### MATERIAL FOR THE TASK
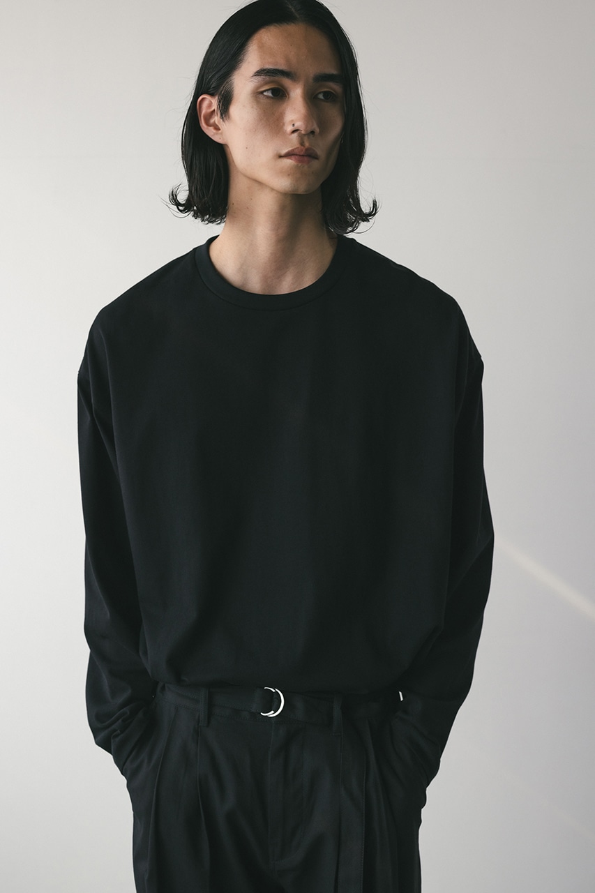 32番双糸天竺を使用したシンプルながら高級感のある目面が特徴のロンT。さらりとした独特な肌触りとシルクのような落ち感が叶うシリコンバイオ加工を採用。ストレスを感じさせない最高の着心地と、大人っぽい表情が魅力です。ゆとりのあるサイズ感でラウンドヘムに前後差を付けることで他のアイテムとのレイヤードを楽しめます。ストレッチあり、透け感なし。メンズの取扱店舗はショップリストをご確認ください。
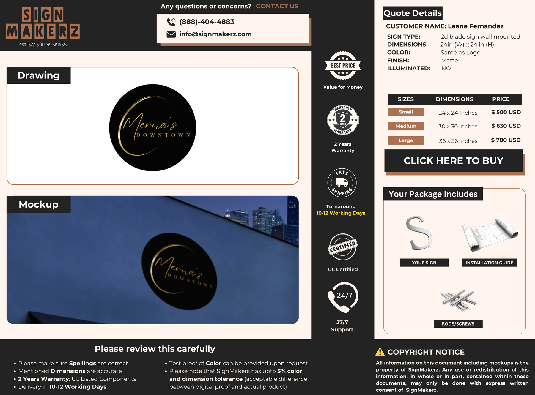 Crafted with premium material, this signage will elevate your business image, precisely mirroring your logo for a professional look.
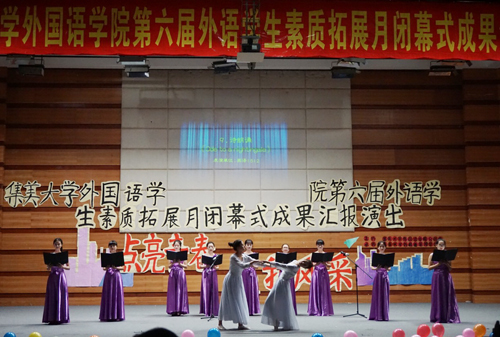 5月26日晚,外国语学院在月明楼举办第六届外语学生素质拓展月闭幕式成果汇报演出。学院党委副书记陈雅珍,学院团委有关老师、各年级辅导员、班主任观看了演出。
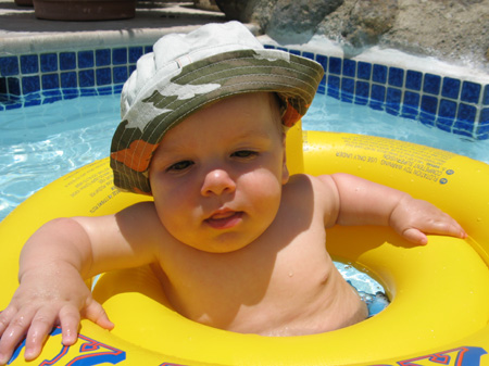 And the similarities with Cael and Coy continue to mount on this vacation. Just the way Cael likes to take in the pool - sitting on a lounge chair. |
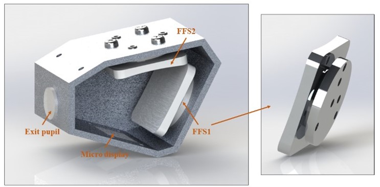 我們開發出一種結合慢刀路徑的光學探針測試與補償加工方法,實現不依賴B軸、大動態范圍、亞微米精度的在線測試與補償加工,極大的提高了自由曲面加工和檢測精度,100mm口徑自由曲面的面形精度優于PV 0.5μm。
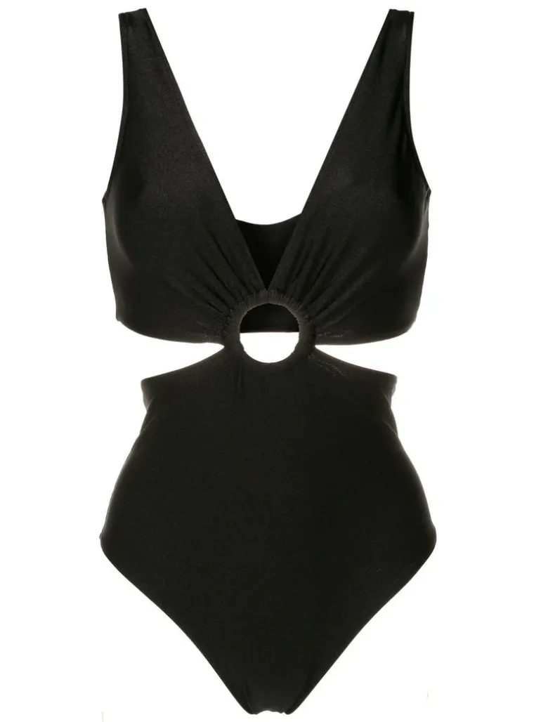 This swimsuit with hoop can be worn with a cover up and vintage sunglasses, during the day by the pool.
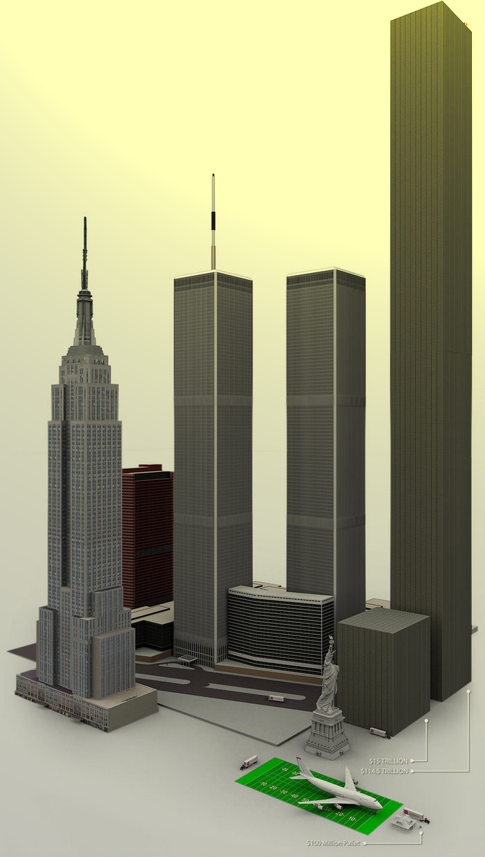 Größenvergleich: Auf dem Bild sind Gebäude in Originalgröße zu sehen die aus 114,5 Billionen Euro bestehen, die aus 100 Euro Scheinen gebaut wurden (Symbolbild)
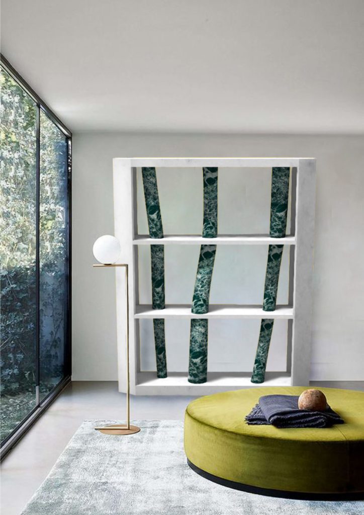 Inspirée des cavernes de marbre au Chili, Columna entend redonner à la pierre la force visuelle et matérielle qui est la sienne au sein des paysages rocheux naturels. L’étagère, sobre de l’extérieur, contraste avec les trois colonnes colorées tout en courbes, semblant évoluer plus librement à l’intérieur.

### EXERCISE PROMPT
In the printed copy, the material above must appear unchanged and without its pictures.

### SOLUTION FOR THIS EXERCISE
 32番双糸天竺を使用したシンプルながら高級感のある目面が特徴のロンT。さらりとした独特な肌触りとシルクのような落ち感が叶うシリコンバイオ加工を採用。ストレスを感じさせない最高の着心地と、大人っぽい表情が魅力です。ゆとりのあるサイズ感でラウンドヘムに前後差を付けることで他のアイテムとのレイヤードを楽しめます。ストレッチあり、透け感なし。メンズの取扱店舗はショップリストをご確認ください。
 Crafted with premium material, this signage will elevate your business image, precisely mirroring your logo for a professional look.
 5月26日晚,外国语学院在月明楼举办第六届外语学生素质拓展月闭幕式成果汇报演出。学院党委副书记陈雅珍,学院团委有关老师、各年级辅导员、班主任观看了演出。
 And the similarities with Cael and Coy continue to mount on this vacation. Just the way Cael likes to take in the pool - sitting on a lounge chair. |
 我們開發出一種結合慢刀路徑的光學探針測試與補償加工方法,實現不依賴B軸、大動態范圍、亞微米精度的在線測試與補償加工,極大的提高了自由曲面加工和檢測精度,100mm口徑自由曲面的面形精度優于PV 0.5μm。
 This swimsuit with hoop can be worn with a cover up and vintage sunglasses, during the day by the pool.
 Größenvergleich: Auf dem Bild sind Gebäude in Originalgröße zu sehen die aus 114,5 Billionen Euro bestehen, die aus 100 Euro Scheinen gebaut wurden (Symbolbild)
 Inspirée des cavernes de marbre au Chili, Columna entend redonner à la pierre la force visuelle et matérielle qui est la sienne au sein des paysages rocheux naturels. L’étagère, sobre de l’extérieur, contraste avec les trois colonnes colorées tout en courbes, semblant évoluer plus librement à l’intérieur.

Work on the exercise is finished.